DATA EXTRACT:
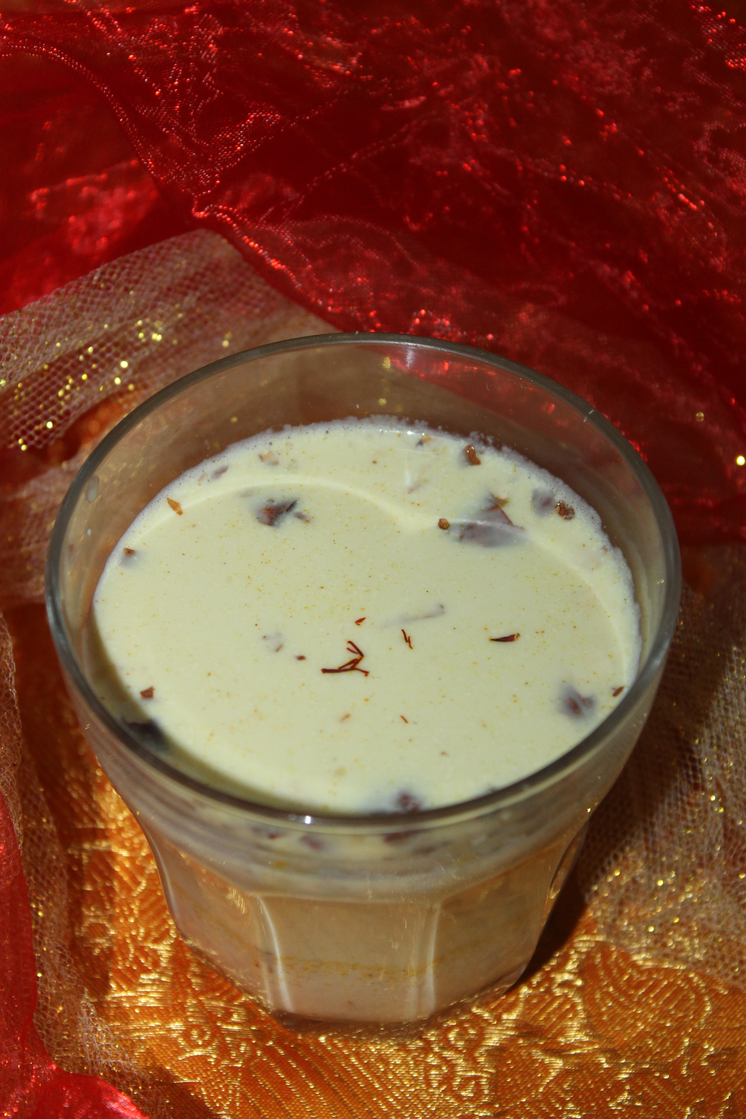 A refreshing drink made with almonds, sugar and some spices.
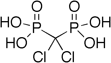 Chemical structure of cludronic acid
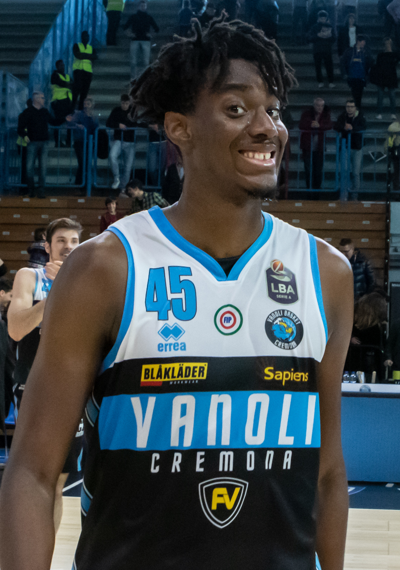 Nicola Akele della Vanoli Cremona

WHAT TO DO: Reproduce the lines above exactly, please, but not the pictures in them.

ANSWER SECTION:
 A refreshing drink made with almonds, sugar and some spices.
 Chemical structure of cludronic acid
 Nicola Akele della Vanoli Cremona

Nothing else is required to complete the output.